>>

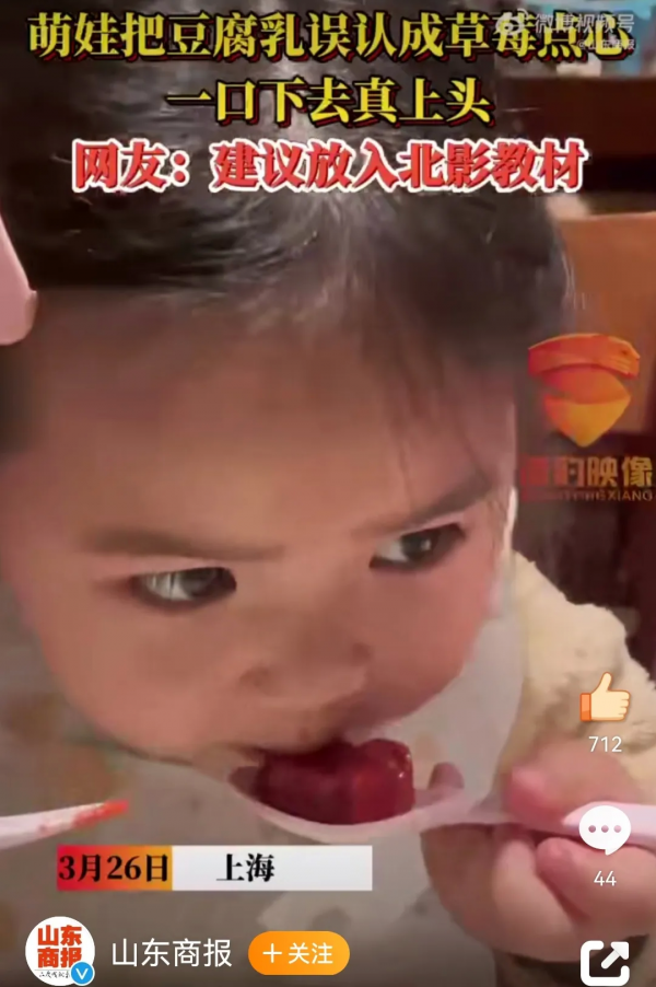 萌娃把豆腐乳误认为草莓点心 瞬间上头了
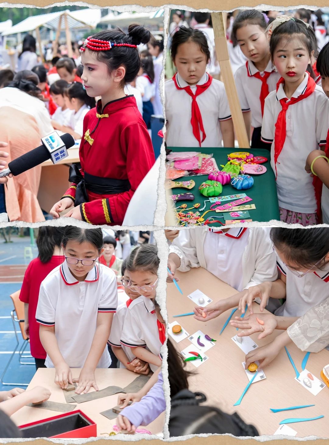 面塑的展台上,孩子们手中的面团仿佛有了生命,变成一个个活灵活现的小动物、人物,创意无限;汉绣展示区,丝线在孩子们的指间跳跃,一针一线,勾勒出细腻的图案,展示了中华刺绣艺术的绝妙之处。
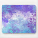 Mousepad com desenho abstrato da paisagem sonhosa cósmica de cores lavandas, roxas e lacas.
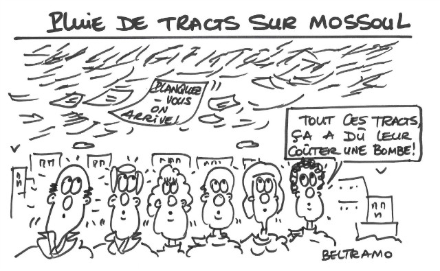 Le 16 octobre 2016 l'armée irakienne a largué des dizaines de milliers de tracts sur Mossoul pour alerter la population civile
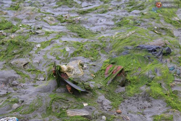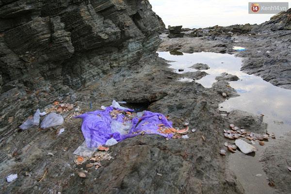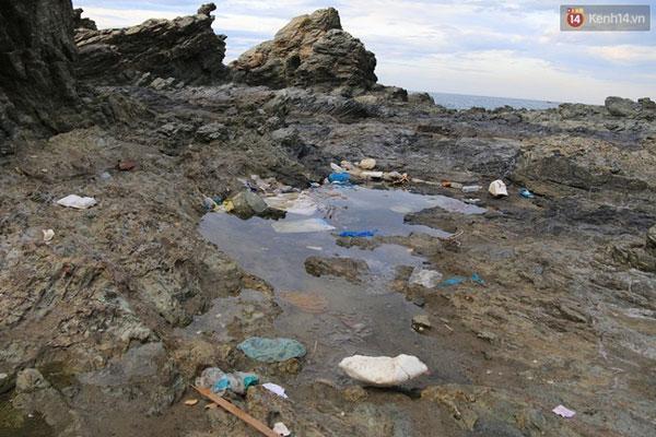 Trên các mỏm đá cũng xuất hiện nhiều rác của du khách vứt lại.
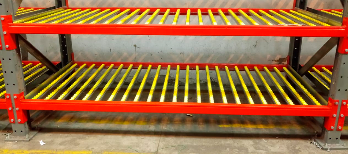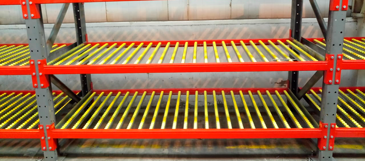 Sistema de almacenaje dinámico diseñado para operar con productos en forma manual o mecánica, de cargas pequeñas y/o medianas cuya manipulación se realiza en formatos no paletizados, como cajas o contenedores plásticos. Puede operar bajo la lógica FIFO o LIFO, pensado para optimizar la operación logística de empresas con altos niveles de rotación de stock y preparación de pedidos pequeños (picking). Apto para SKU de alta rotación y bajo volumen
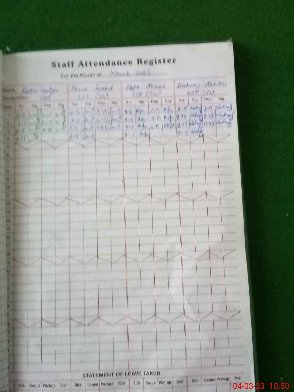 | Leave | Duty | Absent | Maternity | Medical | Ex- Pak |
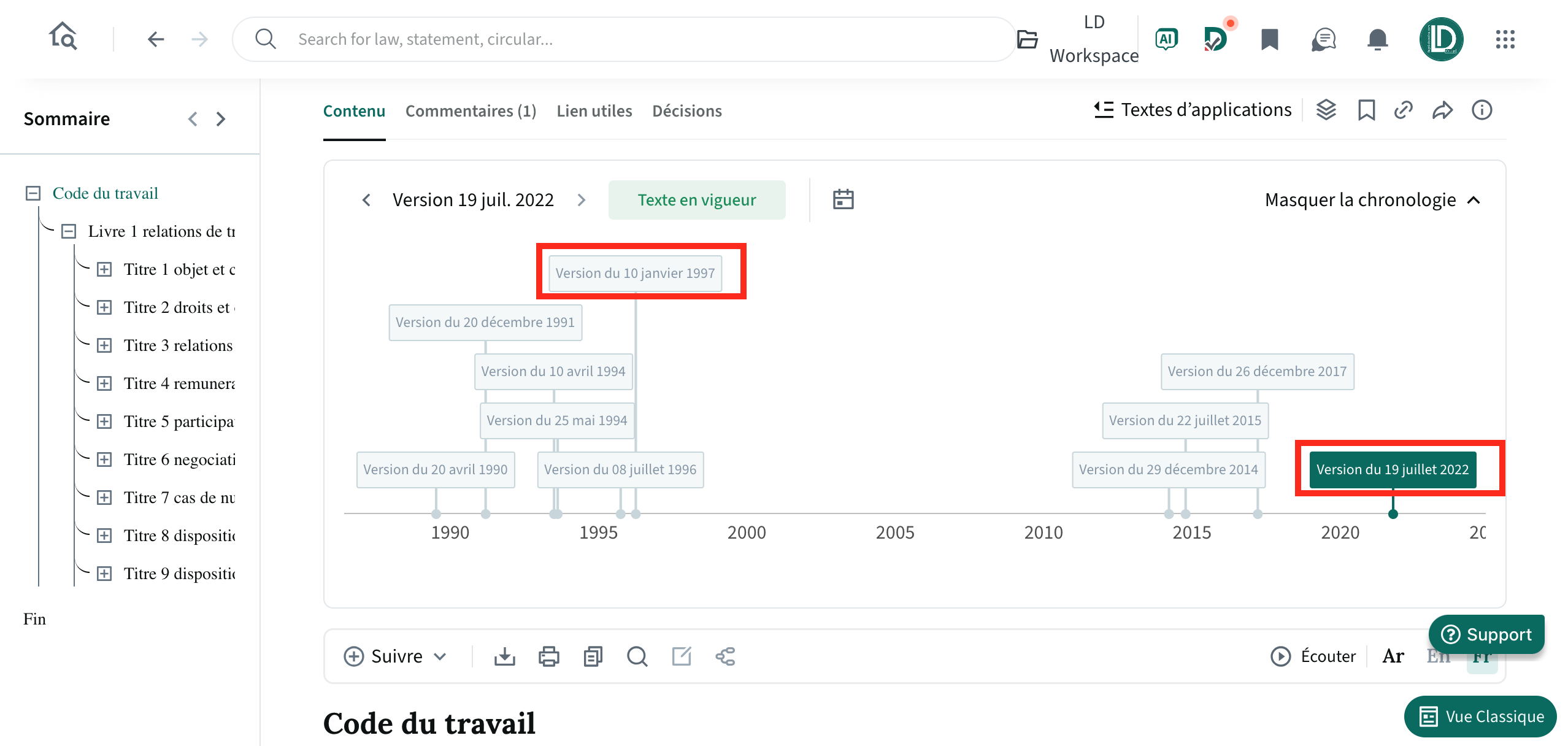 Sur la plateforme Legal Doctrine, la chronologie d’un texte est présentée sous la forme d’un axe temporel interactif, permettant de visualiser :
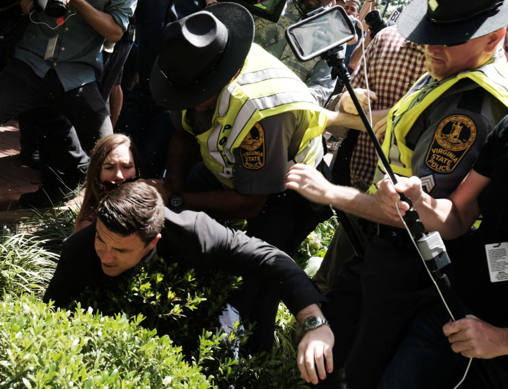 Bildet: En av initiativtakerne til marsjen i Charlottesville, Jason Kessler, ville holde en pressekonferanse søndag, men ble overfalt av en dame som la ham i bakken. Politiet måtte gripe inn. Etter nedkjøringen av motdemonstranter lørdag var det ikke mye stemning for å la ham snakke. Foto: Justin Ide/Reuters/Scanpix
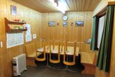 Die Hütte Ova Spin verfügt über zwei Schlafzimmer (zwei Einzelbetten und vier Einzelbetten), einer Küche, ein Esszimmer, WC mit Waschmöglichkeit, Dusche, Vorraum und Abstellraum.
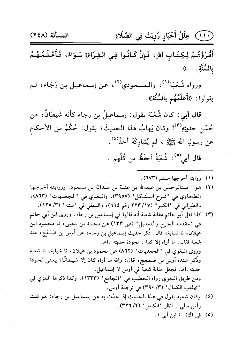 (٤) وكان شعبة يقول في هذا الحديث إذا حدَّث به عن إسماعيل بن رجاء: هو ثلث رأس مالي. انظر "الكامل" (٢/٣٢٦) .
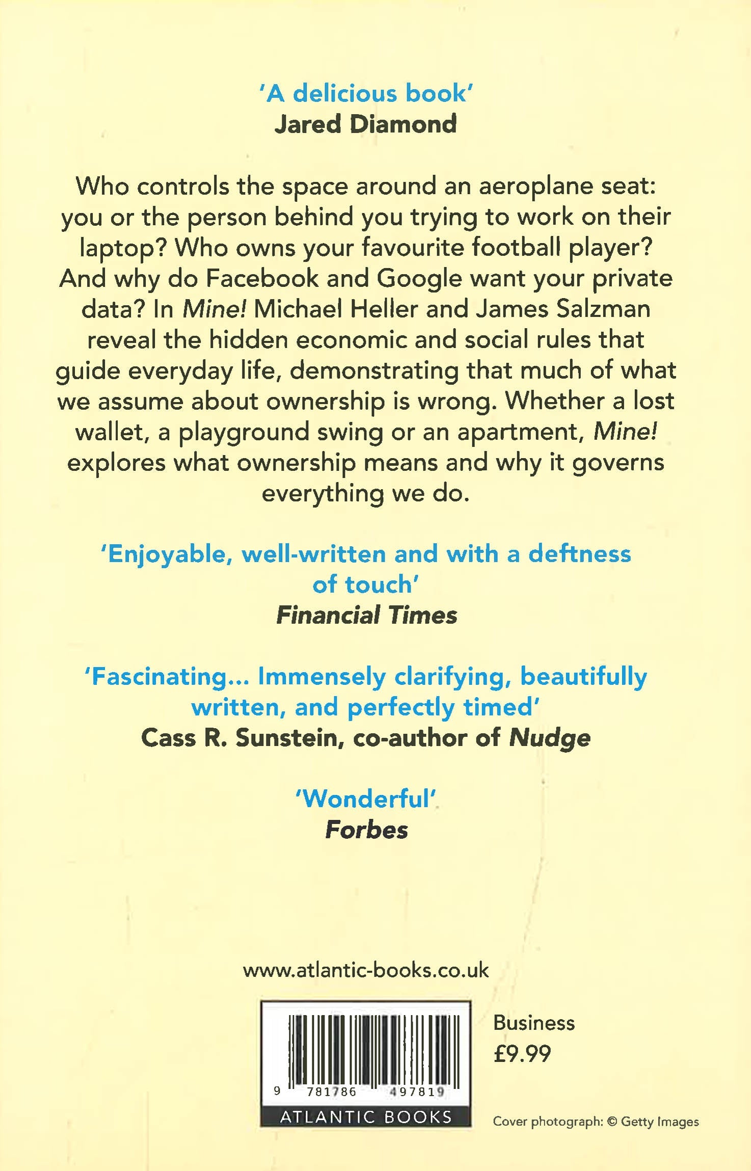 In Mine! Michael Heller and James Salzman reveal the hidden economic and social rules that guide everyday life, demonstrating that much of what we assume about ownership is wrong. Whether a lost wallet, a playground swing or a London flat, Mine! explores what ownership means and why it governs everything we do.
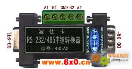 波仕第2代RS-232/RS-485转换器兼容48的功能,无需外接电源,实现RS-232/RS-485转换,通信距离延长至2×1.2Km以上(9600bps时)。482特别适合于RS-485多机通信时,将RS-232口转换为相互中继的2个RS-485口,使用482转换器组的RS-485网不限节点数、不限距离!
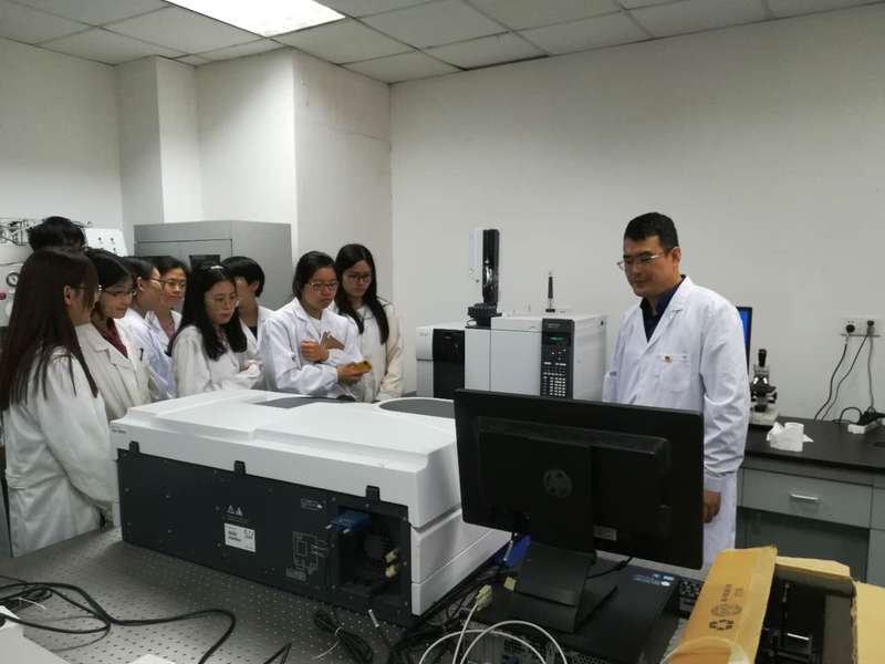 之后,张老师引领大家参观测试和表征实验室。在实验室中,张老师逐一介绍大型的测试仪器。包括气-质联用色谱仪、高温凝胶渗透色谱仪、稳态/瞬态荧光光谱仪、紫外-可见-近红外吸收光谱仪、红外光谱仪、热重分析仪等。同时,为大家简单介绍了仪器的性能。气-质联用色谱仪仪器能有效的对有机化合物进行定性和定量分析;高温凝胶渗透色谱仪主要用来测定高聚物的分子量;稳态/瞬态荧光光谱仪、紫外-可见吸收光谱仪、红外光谱仪等光学仪器主要是用来测物质的荧光光谱、荧光寿命、吸收光谱和红外光谱。同学们对这些大型仪器很感兴趣,纷纷向张老师请教,张老师也耐心为大家解答。大家都表示,虽然实验室之间的物理距离很近,但是难得有机会可以这么近距离的去了解其他实验室的科学仪器,以及了解其原理,支部活动为大家拓宽科研视野,促进课题组之间的交流提供了很大的帮助。
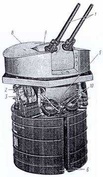 1 – пушки АМ-23; 2 – привод горизонтальной наводки 3 – приводной мотор ДВ-1100А; 5 – рама; 6 – патронные ящики; 8-экран; 9-обтекатель; 10- баллоны сжатого воздуха.
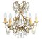Lampadario a 6 luci in metallo con brindoli e piattini in vetro, inizi XX secolo. H cm 50, diametro cm 60
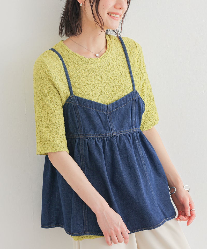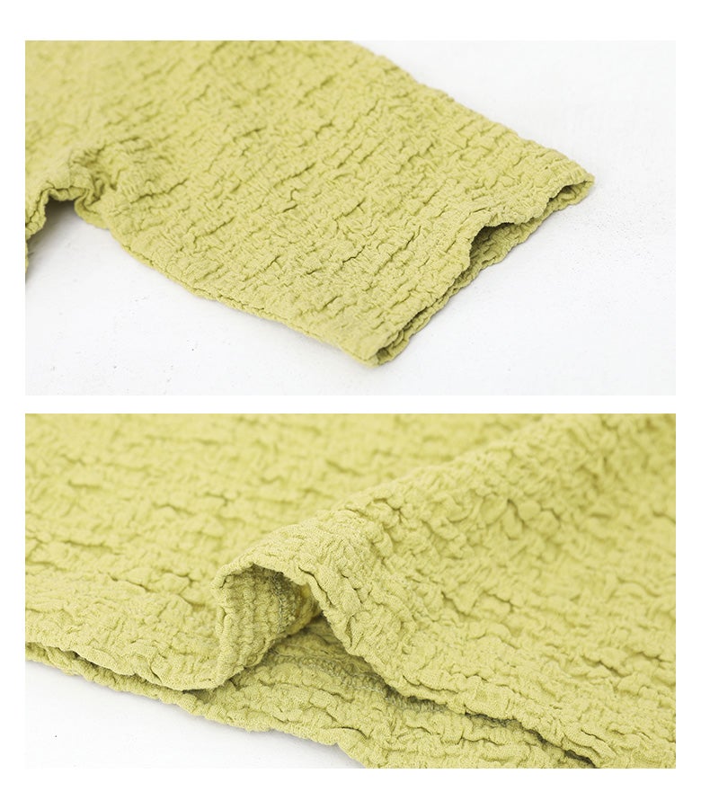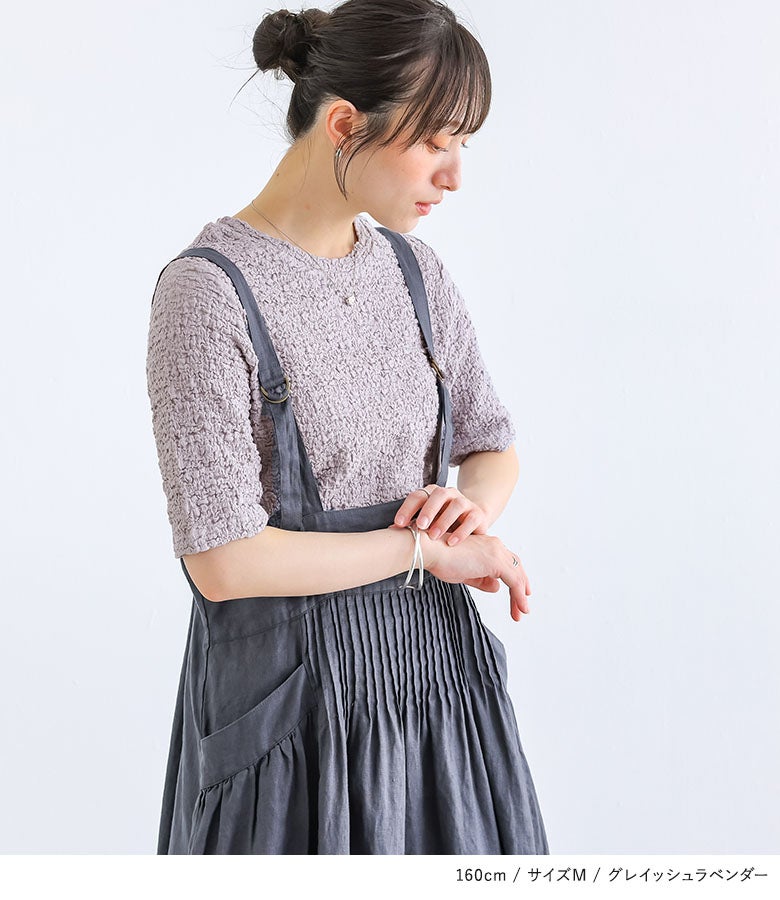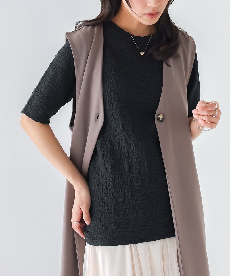 思わず触れたくなるぽこぽことした凹凸感のある素材で、着こなしにアクセントをプラス。シンプルでもお洒落見えする五分袖Tシャツです。

<<

### YOUR TASK:
Return nothing except the lines from the one containing "Die Hütte Ova" through the final line of the data, copied exactly. Leave out all pictures.

### ANSWER FOR THIS EXERCISE:
 Die Hütte Ova Spin verfügt über zwei Schlafzimmer (zwei Einzelbetten und vier Einzelbetten), einer Küche, ein Esszimmer, WC mit Waschmöglichkeit, Dusche, Vorraum und Abstellraum.
 (٤) وكان شعبة يقول في هذا الحديث إذا حدَّث به عن إسماعيل بن رجاء: هو ثلث رأس مالي. انظر "الكامل" (٢/٣٢٦) .
 In Mine! Michael Heller and James Salzman reveal the hidden economic and social rules that guide everyday life, demonstrating that much of what we assume about ownership is wrong. Whether a lost wallet, a playground swing or a London flat, Mine! explores what ownership means and why it governs everything we do.
 波仕第2代RS-232/RS-485转换器兼容48的功能,无需外接电源,实现RS-232/RS-485转换,通信距离延长至2×1.2Km以上(9600bps时)。482特别适合于RS-485多机通信时,将RS-232口转换为相互中继的2个RS-485口,使用482转换器组的RS-485网不限节点数、不限距离!
 之后,张老师引领大家参观测试和表征实验室。在实验室中,张老师逐一介绍大型的测试仪器。包括气-质联用色谱仪、高温凝胶渗透色谱仪、稳态/瞬态荧光光谱仪、紫外-可见-近红外吸收光谱仪、红外光谱仪、热重分析仪等。同时,为大家简单介绍了仪器的性能。气-质联用色谱仪仪器能有效的对有机化合物进行定性和定量分析;高温凝胶渗透色谱仪主要用来测定高聚物的分子量;稳态/瞬态荧光光谱仪、紫外-可见吸收光谱仪、红外光谱仪等光学仪器主要是用来测物质的荧光光谱、荧光寿命、吸收光谱和红外光谱。同学们对这些大型仪器很感兴趣,纷纷向张老师请教,张老师也耐心为大家解答。大家都表示,虽然实验室之间的物理距离很近,但是难得有机会可以这么近距离的去了解其他实验室的科学仪器,以及了解其原理,支部活动为大家拓宽科研视野,促进课题组之间的交流提供了很大的帮助。
 1 – пушки АМ-23; 2 – привод горизонтальной наводки 3 – приводной мотор ДВ-1100А; 5 – рама; 6 – патронные ящики; 8-экран; 9-обтекатель; 10- баллоны сжатого воздуха.
Lampadario a 6 luci in metallo con brindoli e piattini in vetro, inizi XX secolo. H cm 50, diametro cm 60
 思わず触れたくなるぽこぽことした凹凸感のある素材で、着こなしにアクセントをプラス。シンプルでもお洒落見えする五分袖Tシャツです。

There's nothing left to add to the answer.